Evernote is a decent 'note taking' app. <http://evernote.com> . Microsoft
Onenote is okay as a standalone app, but has pretty nice integration with
Outlook and the rest of the MS Suite. Try it out if you are working at an
organization that's running MS products.

------
noodle
notepad2 might be a good choice, although not the complete solution you're
asking for.

------
pasbesoin
It doesn't fit your description of "a minimal text editor", but I"ve been
happy with the free and well supported ToDoList:

<http://www.codeproject.com/KB/applications/todolist2.aspx>

It supports fairly full featured, hierarchical to do lists.
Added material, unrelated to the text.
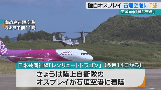 14日から始まっている陸上自衛隊とアメリカ海兵隊の共同訓練で、19日、県内では初めて自衛隊のオスプレイが新石垣空港を使い訓練を行いました。市民団体は抗議の声を上げています。

However, it also
has a rich text component for its comments, that supports the features you
describe. I use that component for quickie logs; Control-D inserts a timestamp
at the insertion point.

Again, I realize it doesn't precisely fit your description, but on the chance
you or another reader finds it of interest.

------
gojomo
If you can live with plain text (using conventions to simulate the formatting
you mention), emacs inside cygwin might be a good choice.

(Well, I'm sure there's a way to create a highlight mode that includes your
formatting, but for just 'notes and task lists' plain text should be plenty.)

------
ddemchuk
Hey everyone, thanks for the replies. After digging for what was probably
longer than necessary, I think I've found the perfect solution:

<http://www.sgssoft.com/winpad/winpad.asp>

hopefully that app will help someone else who is in the same boat as me...